When Jon, Elijah, and Julianna had fled Sal Cavetti’s gas station in Indiana that morning, the unstrung poet had not even seen them leave because he was still squatting on the floor behind the counter with his eyes closed, moaning to the empty room. After he heard the Beetle pull away from the gas pump, it took him ten full minutes to work up the nerve to rise and peer out the door, and then another soul-searching hour and a half before he was ready to notify the Indiana State Patrol about his harrowing brush with death. He had been afraid Elijah and Jon would return to murder him if they found he had been the one to finger them, but his hardy sense of civic duty—not to mention the five-thousand-dollar reward mentioned on the radio—at last compelled him to make the call, fortified by several reassuring bites of the pot brownie in his pocket, left over from breakfast.
By that time, of course, the whereabouts of the fugitives was anybody’s guess, but Sal was still able to give the police a detailed description of Jon Tate (including several poetic phrases Sal was rather proud of, such as “shirtless, soulless, and sanguinary,” and “angel-faced acolyte of the apocalypse”). The Indiana State Patrol passed on a more condensed version of Sal’s account to the FBI, who in turn relayed the information to various law enforcement agencies and media outlets. Sal’s poetry, sadly, was entirely absent from all these communications, but his call was not in vain: The good news that Julianna Dapper was still alive would be shared with all interested parties.

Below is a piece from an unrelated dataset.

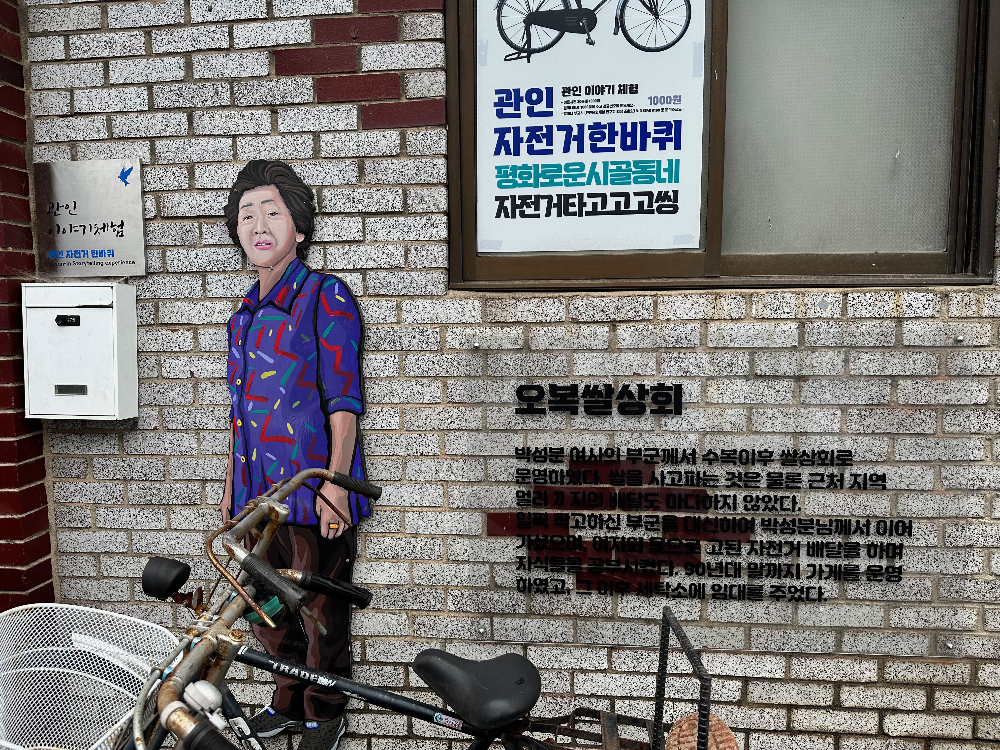 이 마을은 현재 고령층들만 살고 계시고 마을 초입에 있는 관인중학교에는 재학생이 23명 밖에 남지 않아 젊은세대들이 점점 빠져나가고 있기도 합니다. 그래서 마을에 남아있는 분들이 문화 재생 사업을 통해 지역과 마을의 특성을 살려 조금이나마 활기를 찾을 수 있도록 관인문화마을로 탄생시켰습니다. 마을에 살고 계시던 주민들의 얼굴이 그려진 벽화, 예전 그대로의 이발소며 방앗간들은 연세가 지긋하신 분들에게는 향수를 심어주기로 하고, 젊은 층들에게는 레트로 감성을 찾아보는 재미를 안겨주기도 하는 마을입니다. 이렇듯 관인문화마을은 주민협의체 중심으로 마을의 기억과 역사를 담은 골목길 조성, 이북5도 음식 체험, 오래된 간판과 벽을 정비해 아트간판과 조형물 및 벽화를 조성하며 과거 역사를 복원한 특색 있는 마을을 만들어가며 관광활성화를 위해 노력하고 있기도 하답니다.
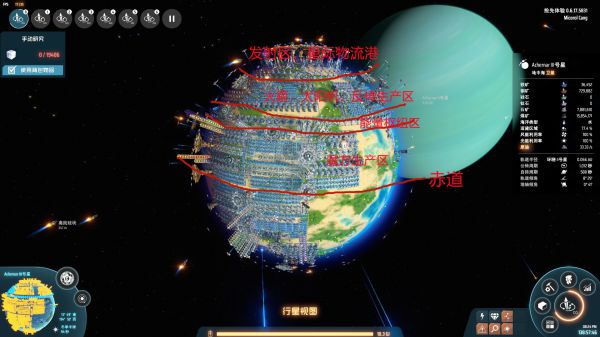 首先是我的母星规划,一图流为了充分利用土地,各个区可以不用相互干扰,高纬度的强迫症重灾区地区也可以规整的建设了,图中是南半球,北半球同理镜像

Unfortunately, however, the inspired marijuana madrigal running through Sal’s head took an ill-advised turn on the way to his tongue during the phone call to the hopelessly prosaic Indiana State Patrol. He recalled Julianna’s big green eyes staring at him over the counter and belatedly read into those “verdant, Orphic orbs” the anguish of a defiled woman. Sal didn’t go so far as to say he’d actually seen Julianna being violated, but he mentioned that the half-naked boys with her had reminded him of “rutting, lustful centaurs,” and, as such, were clearly chock-f of “carnality, brutality, and the sodomizing semen of sadists.” The result of this embellishment was that yet another damning charge—already suspected by Gabriel Dapper and others, but now confirmed—was added to the long list of felonies attributed to Elijah Hunter and Jon Tate:
Rape.
Samuel Hunter hung up the receiver of the pay phone in the parking lot of a mid-Illinois truck stop and hurried back to Mary and Edgar, who were standing beside the pickup, waiting for him. Edgar was smoking a cigarette and shooting worried glances at Gabriel Dapper, who was watching them all from behind the wheel of the red Cadillac, parked ten feet away. Mary, though, had eyes only for Samuel.
“What is it?” she whispered as he drew close. Her face was grim as she read the expression he was trying to keep off his face. “What did you find out?”
Samuel took her arm and led her quickly to the driver’s door of the truck. “Not a thing,” he lied, speaking loud enough for Gabriel to hear him through the open window of the Cadillac. “Let’s be on our way.”
He waved at Gabriel, who started the Cadillac’s engine and rolled up his window.
Mary got in the pickup quickly, sliding into the middle of the seat. Edgar took a last puff of his cigarette and dropped it on the ground to stub it out with his shoe, then scrambled into the passenger side with another unhappy glance at Gabriel.